The process of cutting out was written in the extension of CVPixelBuffer. In the case of depth reliability information described later, the type is handled by generics because the data stored in CVPixelBuffer is an array of UInt8. I couldn't find anything that could transform the contents of the array into affine in one shot, so I had to implement the process of swapping the x-axis and y-axis and reversing the data upside down, left and right (only for portraits). ). If you can convert up to this point, it will be easy to combine it with the camera capture image like the gif video of depthMap and confidenceMap at the beginning of this article (By the way, it is converted to MTL Texture with Metal and recorded).

③ Cut out the reliability information of the depth in the same way as ②

The processing content is the same as ②. The confidenceMap can be obtained via the sceneDepth of the ARFrame.

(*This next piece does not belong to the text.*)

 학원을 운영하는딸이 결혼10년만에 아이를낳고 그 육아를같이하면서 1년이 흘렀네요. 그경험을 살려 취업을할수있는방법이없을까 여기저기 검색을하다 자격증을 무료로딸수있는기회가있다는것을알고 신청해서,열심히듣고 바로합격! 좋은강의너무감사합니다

guard let pixelBuffer = self.sceneDepth?.confidenceMap else { return ([], 0) }

Note that the depth information is Float32, while the reliability information is UInt8.

④ Segmentation of ① using Vision + CoreML

Perform object segmentation using Vison + CoreML (DeepLab V3). The method is the same as this reference article "Simple Semantic Image Segmentation in an iOS Application — DeepLabV3 Implementation".

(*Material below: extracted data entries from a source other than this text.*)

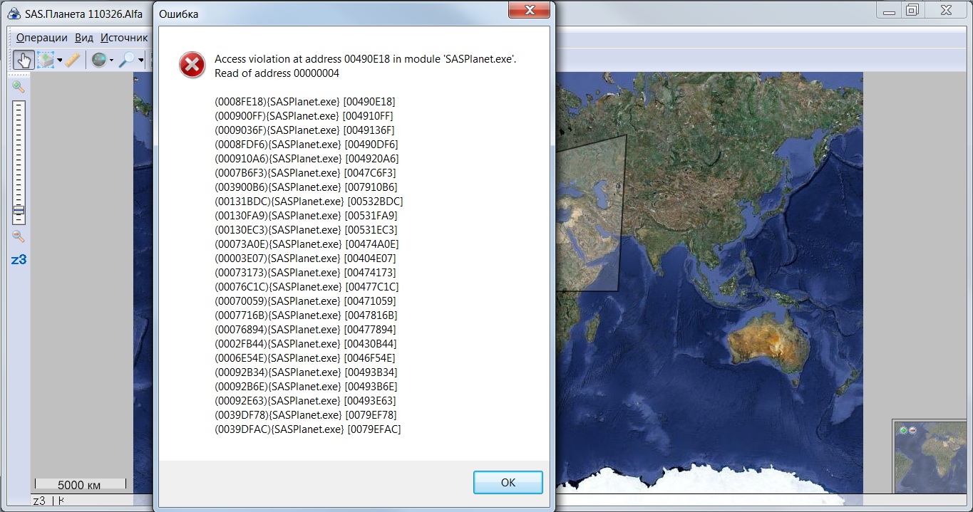Просто на всякий случай проверьте в последней альфе, если будет ошибка, попробуйте скачать https://bitbucket.org/vdemidov/sas.planet/downloads/SASPlanet.110326.Alfa.Debug.rar и выложить стек, который оно будет при ошибке выдавать. |
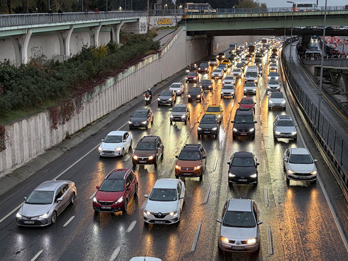 Megakentte haftanın ilk iş günü yağışlı havanın da etkisiyle trafik yoğunluğu yüzde 76'ya çıktı
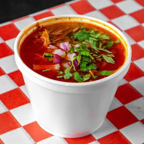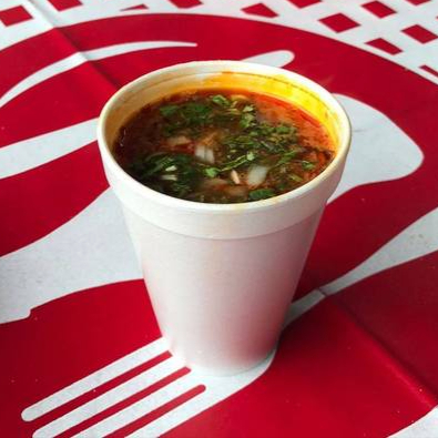 1 vaso chico de birria + tortillas, verdura, salsa y cubiertos

The types of objects that can be segmented with DeepLabV3 are as follows when referring to Metadata from Xcode.

When the hand is actually recognized, the label value = 15 (the position of the person in "labels") is obtained. This is an example of taking a picture of a hand and displaying the segmentation result overlaid on the captured image. It can be seen that the recognition of the hand is slightly delayed. This time he wanted to recognize not only the human body but also cars and flower pots, so he tried using DeepLab V3, but if you just want to recognize the human body, ARKit's People Occlusion is faster. Reference: Everyone is a Super Saiyan with ARKit + Metal

The point is how to access MLMultiArray, which stores the segmentation results. MLMultiArray has a property called dataPointer, which can be accessed as an array through assumingMemoryBound (to :).

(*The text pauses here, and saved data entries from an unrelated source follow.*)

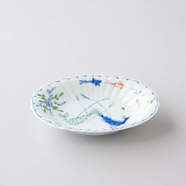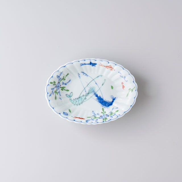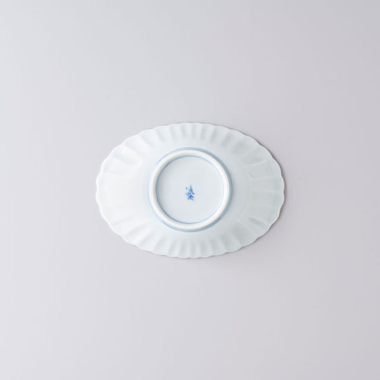 2匹が寄り添うように対になった姿が印象的な「双海老(つがいえび)」。繁栄や長寿の願いを託した、縁起の良いモチーフのひとつです。「つがいえび」の読み名からわかるように、「ずっと夫婦仲良く健康で」というメッセージも込められています。楕円で菊渕をあしらったデザインが特徴です。カットしたフルーツやデザートなどちょっとしたお料理が食卓を華やかにします。取皿としても大活躍します。
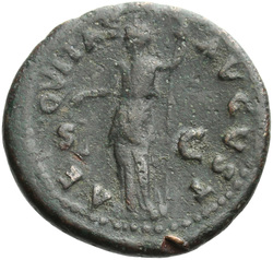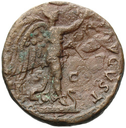 IVDAEA [C]APTA S C, Vespasian standing, holding spear and parazonium, left of palm-tree, resting foot on helmet; Judaea seated right on cuirass
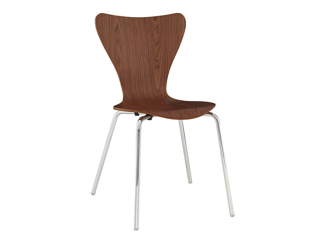 The Stacking Walnut Chair has polished chrome detail and wood grain accents to create this retro dining chair. Constructed sturdily as it sits atop sleek splayed metal legs, the solid plywood seat on this vintage modern dining chair offers supportive comfort with its waterfall edge and winged backrest.
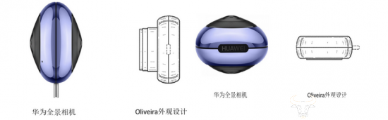(注:Oliveira外观设计专利和华为Envizion360全景相机摄像头对比)
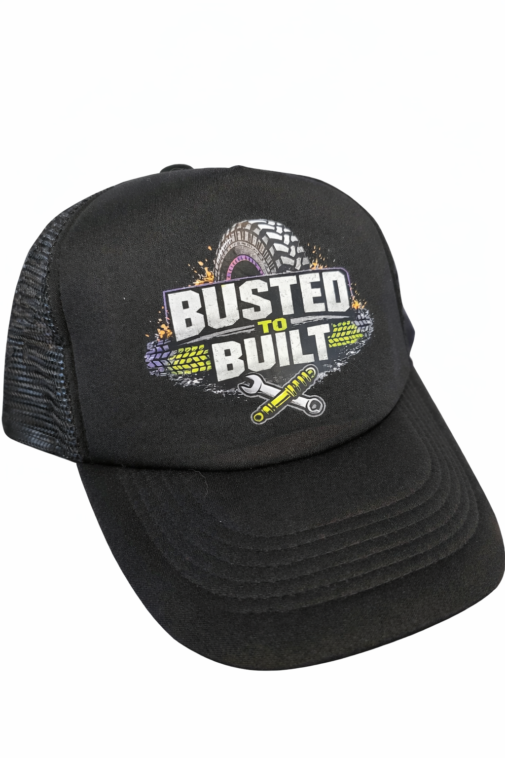 Rock the Busted to Built vibe with our classic trucker snap back featuring our vibrant color logo. This black cap delivers that perfect blend of casual cool and brand pride - whether you're hitting the gym, running errands, or just keeping it real. The structured trucker style with snap back closure gives you that timeless look that never goes out of style. Show your support for the grind with every wear!
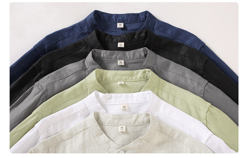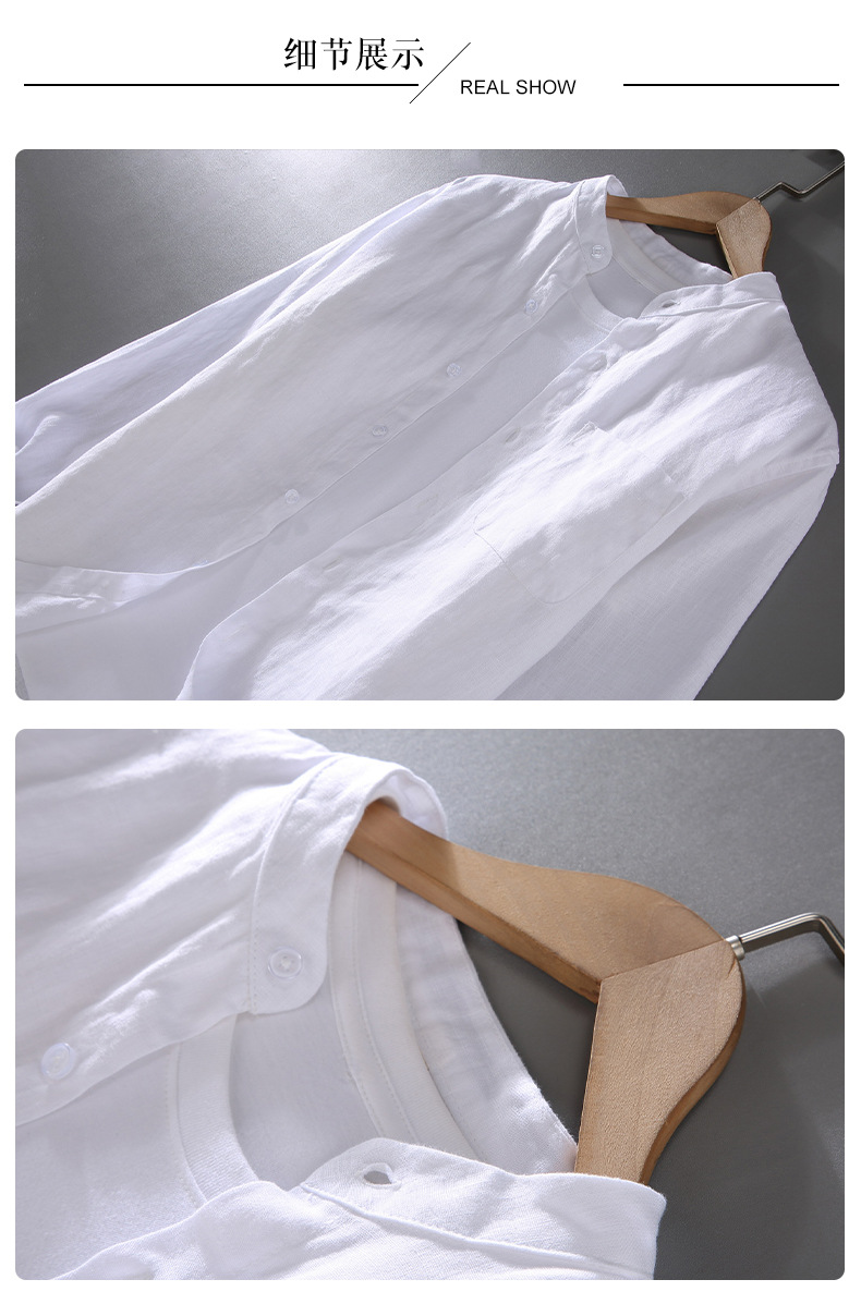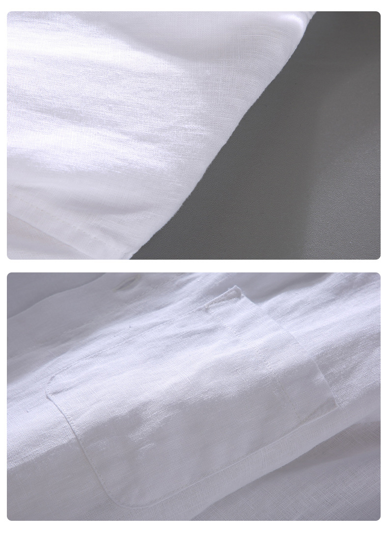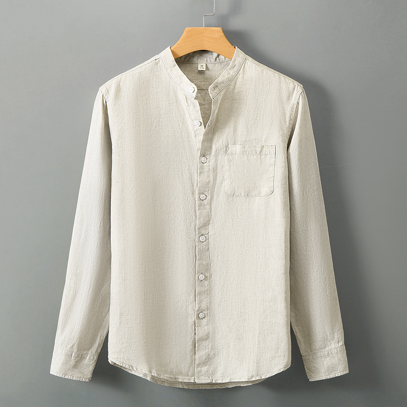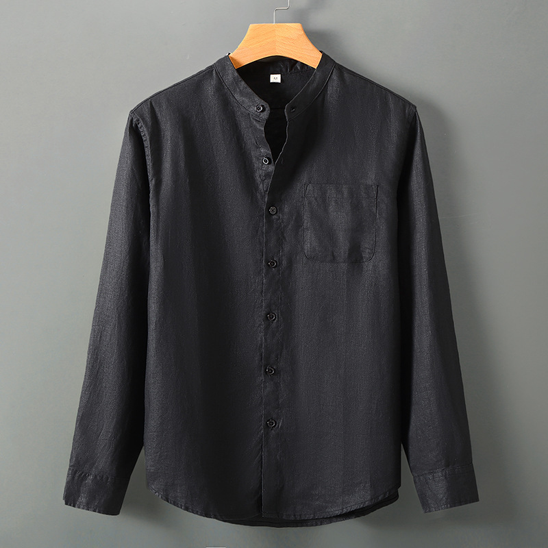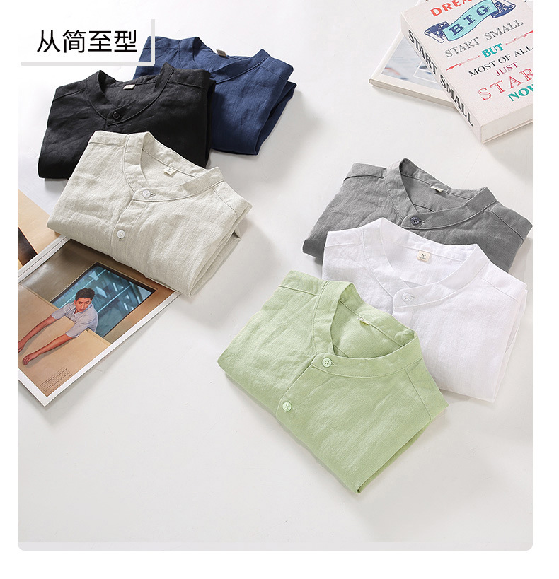 9702 순수 리넨 긴팔 셔츠 남성 중국 스타일 수직 칼라 일반 리넨 포켓 느슨한 통기성 카디건 리넨 탑

guard let observations = request.results as? [VNCoreMLFeatureValueObservation],
      let segmentationmap = observations.first?.featureValue.multiArrayValue else { return }
//The segmentation result is an array of Int32
let labels = segmentationmap.dataPointer.assumingMemoryBound(to: Int32.self)
let centerLabel = labels[centerIndex]

Accessed as an array of Int32. This is because if you check DeepLabV3.mlmodel from Xcode, it is defined as such. Actually, the value can be taken correctly with Int32. スクリーンショット_2020-12-27_7_52_55.png

⑤ Acquire the coordinates of the object recognized in ④ and the highly reliable part of ③.

Decide whether to draw according to the following rules.

--Only the same object as the center of the screen is displayed among the segmentation results. --Display only the part with high reliability of depth information

The segmentation result is judged by the following isInSegment part.

let depthDeeplabV3ScaleFactor = Float(self.detectSize) / Float(self.depthSize)    //Detection resolution/Depth resolution ratio
let isInSegment: (Int, Int) -> Bool = { (x, y) in
    guard x < self.depthSize && y < self.depthSize else { return false }
    let segmentX = Int(Float(x) * depthDeeplabV3ScaleFactor + depthDeeplabV3ScaleFactor / 2)
    let segmentY = Int(Float(y) * depthDeeplabV3ScaleFactor + depthDeeplabV3ScaleFactor / 2)
    let segmentIndex = (segmentedImageSize - segmentY - 1) * segmentedImageSize + segmentX
    //Model if it matches the label in the center
    return labels[segmentIndex] == centerLabel
}

The argument is the coordinates of the depth information. When this sample is run on iPhone12Pro + iOS14.2, the depth information is 120x120, so it is judged by the segmentation result (513x513) corresponding to this coordinate.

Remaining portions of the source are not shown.